[Opening THE DATA section]

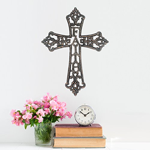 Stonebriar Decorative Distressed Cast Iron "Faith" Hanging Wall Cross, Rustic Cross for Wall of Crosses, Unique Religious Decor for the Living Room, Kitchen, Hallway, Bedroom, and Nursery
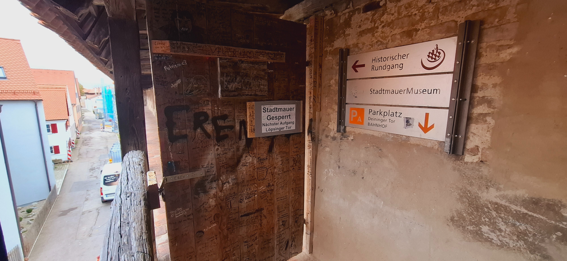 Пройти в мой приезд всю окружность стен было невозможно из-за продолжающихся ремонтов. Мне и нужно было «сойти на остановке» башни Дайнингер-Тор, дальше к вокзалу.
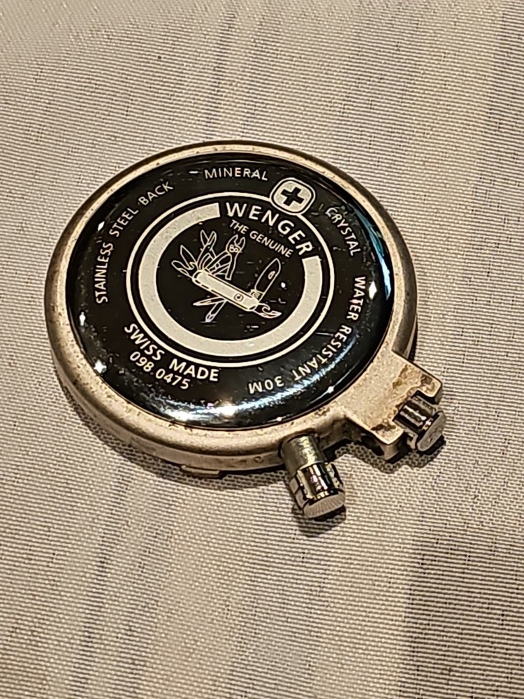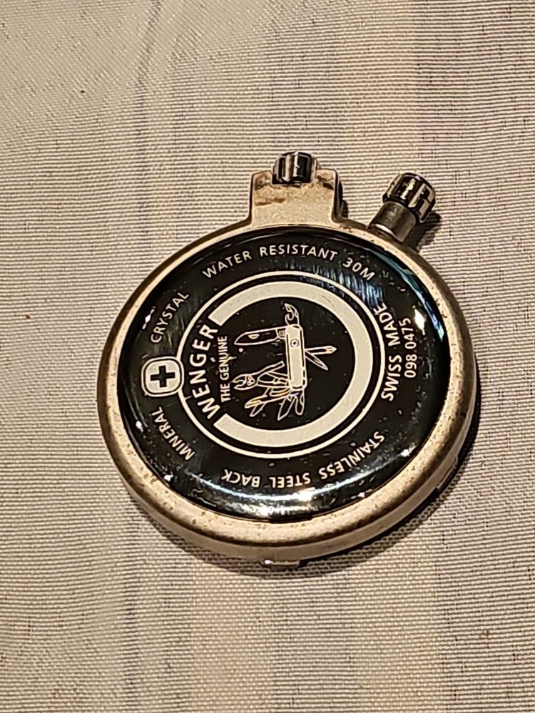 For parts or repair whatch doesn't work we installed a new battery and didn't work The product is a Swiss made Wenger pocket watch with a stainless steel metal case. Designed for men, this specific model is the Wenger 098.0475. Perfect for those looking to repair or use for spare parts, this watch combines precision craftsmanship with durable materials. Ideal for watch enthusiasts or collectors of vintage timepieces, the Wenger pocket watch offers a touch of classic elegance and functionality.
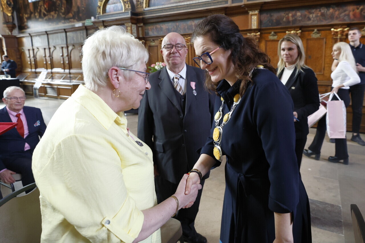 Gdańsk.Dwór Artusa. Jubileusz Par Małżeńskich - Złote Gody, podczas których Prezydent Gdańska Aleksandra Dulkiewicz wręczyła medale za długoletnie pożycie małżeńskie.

[Closing THE DATA section]

### WHAT NEEDS TO BE DONE
Copy out the material word for word, without any images.

### SOLUTION TO THIS TASK
 Stonebriar Decorative Distressed Cast Iron "Faith" Hanging Wall Cross, Rustic Cross for Wall of Crosses, Unique Religious Decor for the Living Room, Kitchen, Hallway, Bedroom, and Nursery
 Пройти в мой приезд всю окружность стен было невозможно из-за продолжающихся ремонтов. Мне и нужно было «сойти на остановке» башни Дайнингер-Тор, дальше к вокзалу.
 For parts or repair whatch doesn't work we installed a new battery and didn't work The product is a Swiss made Wenger pocket watch with a stainless steel metal case. Designed for men, this specific model is the Wenger 098.0475. Perfect for those looking to repair or use for spare parts, this watch combines precision craftsmanship with durable materials. Ideal for watch enthusiasts or collectors of vintage timepieces, the Wenger pocket watch offers a touch of classic elegance and functionality.
 Gdańsk.Dwór Artusa. Jubileusz Par Małżeńskich - Złote Gody, podczas których Prezydent Gdańska Aleksandra Dulkiewicz wręczyła medale za długoletnie pożycie małżeńskie.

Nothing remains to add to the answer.